- [WORK REQUEST]: Every entry is to be transcribed as it stands. Images stay out.

- [DATA TO USE]:
=====

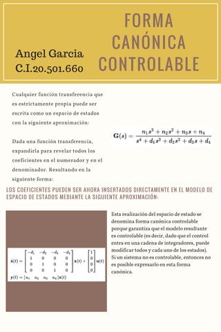 Este documento describe diferentes formas canónicas para representar sistemas en espacio de estados, incluyendo la forma canónica controlable, la forma de Jordan, y la forma canónica observable. Explica que la forma canónica controlable garantiza que el modelo resultante es controlable, la forma de Jordan se compone de bloques de Jordan en la diagonal para sistemas no diagonalizables, y la forma canónica observable asegura que los estados internos puedan inferirse a partir de las salidas externas.
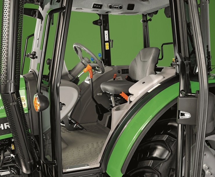The spacious cabin features a large flat rubber floor. A responsive and effective HVAC system keeps the operator comfortable in all conditions.A suspended seat and adjustable steering column makes driving more comfortable. A second trainers seat has plenty of space in the cab. The digital and analog front dash keeps the operator informed. Transmission levers and push button controls are positioned around the tractor for easy reach and operation. Forward work lights in the front hood, and a rear work light at the back of the tractor allow for working at night. 7-pin trailer socket and rear view mirrors are standard equipment. |
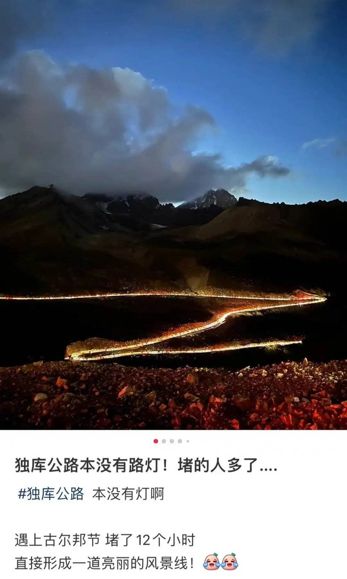 但她感慨,与那些被堵在独库公路十几个小时,手机没信号、不能上厕所、甚至车子陷进泥石流里的游客相比,自己已经相当幸运了。
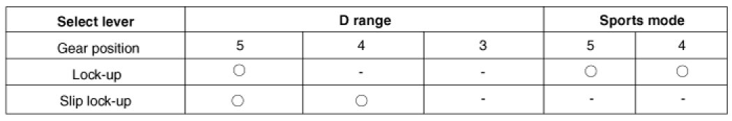LOCK-UP OPERATING CONDITION TABLE
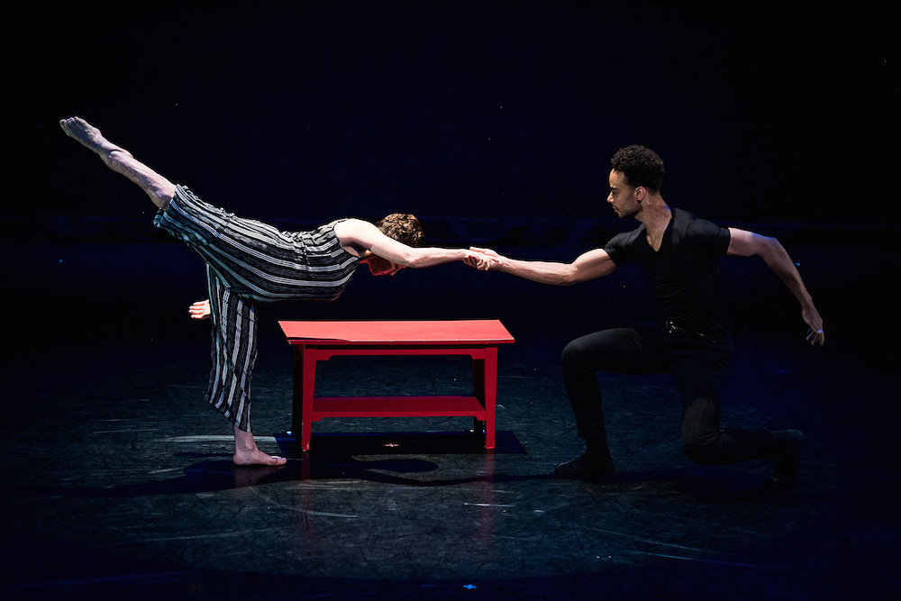 Sitting facing us on a long bench under a bright center spotlight during Christopher Jackson’s Ceremony in the Air, she gently lifts the bottom edges of her flowing pantsuit to, one at a time, uncover both her legs: the left looks as we expect most lower limbs to look, but the right, reconstructed with painstaking care, appears to have been “through the wars.” There is no sentiment expected from Jordan’s leg reveal. We’re not meant to gasp or pity, but rather to appreciate this woman’s reality.

=====

- [COMPLETED TASK]:
 Este documento describe diferentes formas canónicas para representar sistemas en espacio de estados, incluyendo la forma canónica controlable, la forma de Jordan, y la forma canónica observable. Explica que la forma canónica controlable garantiza que el modelo resultante es controlable, la forma de Jordan se compone de bloques de Jordan en la diagonal para sistemas no diagonalizables, y la forma canónica observable asegura que los estados internos puedan inferirse a partir de las salidas externas.
The spacious cabin features a large flat rubber floor. A responsive and effective HVAC system keeps the operator comfortable in all conditions.A suspended seat and adjustable steering column makes driving more comfortable. A second trainers seat has plenty of space in the cab. The digital and analog front dash keeps the operator informed. Transmission levers and push button controls are positioned around the tractor for easy reach and operation. Forward work lights in the front hood, and a rear work light at the back of the tractor allow for working at night. 7-pin trailer socket and rear view mirrors are standard equipment. |
 但她感慨,与那些被堵在独库公路十几个小时,手机没信号、不能上厕所、甚至车子陷进泥石流里的游客相比,自己已经相当幸运了。
LOCK-UP OPERATING CONDITION TABLE
 Sitting facing us on a long bench under a bright center spotlight during Christopher Jackson’s Ceremony in the Air, she gently lifts the bottom edges of her flowing pantsuit to, one at a time, uncover both her legs: the left looks as we expect most lower limbs to look, but the right, reconstructed with painstaking care, appears to have been “through the wars.” There is no sentiment expected from Jordan’s leg reveal. We’re not meant to gasp or pity, but rather to appreciate this woman’s reality.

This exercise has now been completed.